### INPUT DATA
= = = =

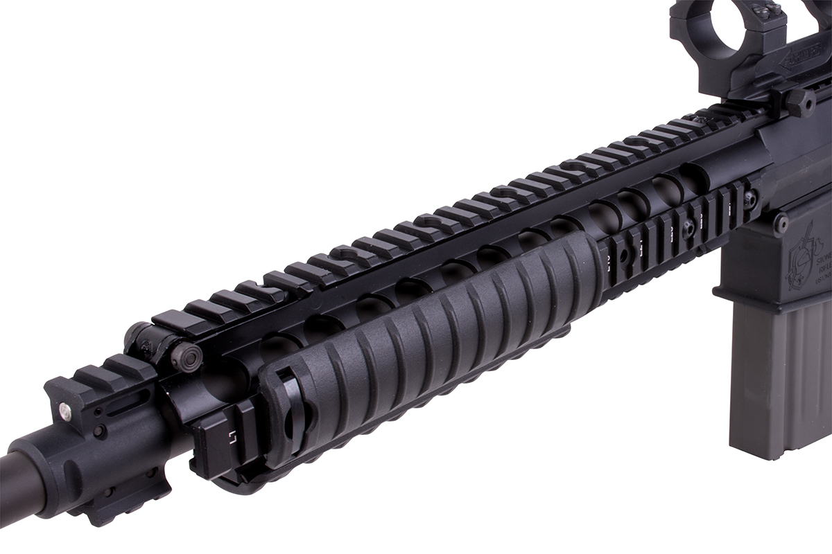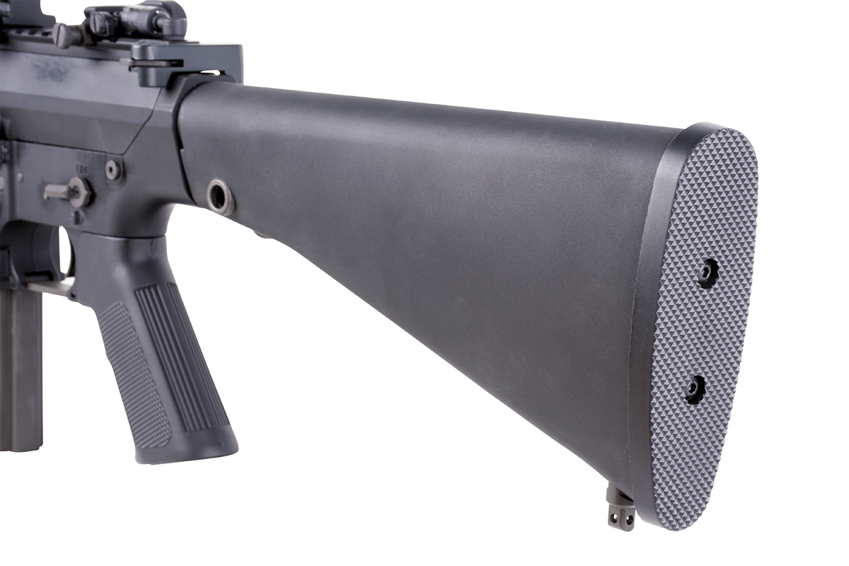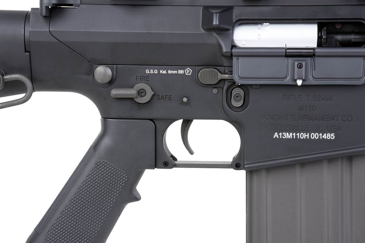 Der hochwertige Nachbau aus dem Hause ARES wurde mit verschiedenen Knight's Armament Original-Markings und einer eingearbeiteten Seriennummer versehen. Das Gewehr ist für Rechts- und Linkshänder geeignet und verfügt über ein funktionierendes Bolt-Catch System. Der feste Schaft besteht aus Nylon Fiber, die Gearbox und die Gears aus Vollmetall. Body und Außenlauf wurden aus einer CNC bearbeiteten 6063 Aluminiumlegierung gefertigt.
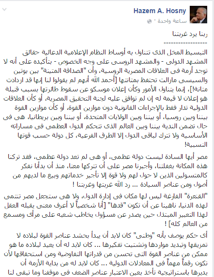 استنكر حازم حسني إدارة السلطات المصرية لأزمة الطائرة الروسية وتناول الأوساط الإعلامية للمشهد الدولي، والتأكيد أن العلاقات المصرية الروسية لا زالت تحتفظ بمكانتها.
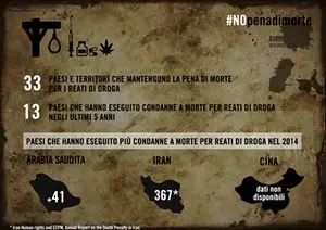 La Coalizione mondiale contro la pena di morte, di cui Amnesty è parte, ne ha più volte stigmatizzato l’uso per i reati di droga, che in 33 paesi del mondo sono puniti con sentenza capitale. Nel 2014 ci sono state circa 600 esecuzioni legate agli stupefacenti in almeno dieci nazioni: Arabia Saudita, Cina, Emirati Arabi Uniti, Indonesia, Iran, Malesia, Singapore, Sri Lanka, Thailandia e Vietnam. La “mattanza di Stato” è proseguita nel 2015, anche se i dati disponibili sono ancora parziali: 241 fino al 28 aprile in Iran, 58 nei primi otto mesi in Arabia e 14 in Indonesia, tra cui i sette stranieri per cui l’Australia tentò una mobilitazione internazionale.

= = = =

Omitting the pictures, write out the material above exactly as it stands.

 Der hochwertige Nachbau aus dem Hause ARES wurde mit verschiedenen Knight's Armament Original-Markings und einer eingearbeiteten Seriennummer versehen. Das Gewehr ist für Rechts- und Linkshänder geeignet und verfügt über ein funktionierendes Bolt-Catch System. Der feste Schaft besteht aus Nylon Fiber, die Gearbox und die Gears aus Vollmetall. Body und Außenlauf wurden aus einer CNC bearbeiteten 6063 Aluminiumlegierung gefertigt.
 استنكر حازم حسني إدارة السلطات المصرية لأزمة الطائرة الروسية وتناول الأوساط الإعلامية للمشهد الدولي، والتأكيد أن العلاقات المصرية الروسية لا زالت تحتفظ بمكانتها.
 La Coalizione mondiale contro la pena di morte, di cui Amnesty è parte, ne ha più volte stigmatizzato l’uso per i reati di droga, che in 33 paesi del mondo sono puniti con sentenza capitale. Nel 2014 ci sono state circa 600 esecuzioni legate agli stupefacenti in almeno dieci nazioni: Arabia Saudita, Cina, Emirati Arabi Uniti, Indonesia, Iran, Malesia, Singapore, Sri Lanka, Thailandia e Vietnam. La “mattanza di Stato” è proseguita nel 2015, anche se i dati disponibili sono ancora parziali: 241 fino al 28 aprile in Iran, 58 nei primi otto mesi in Arabia e 14 in Indonesia, tra cui i sette stranieri per cui l’Australia tentò una mobilitazione internazionale.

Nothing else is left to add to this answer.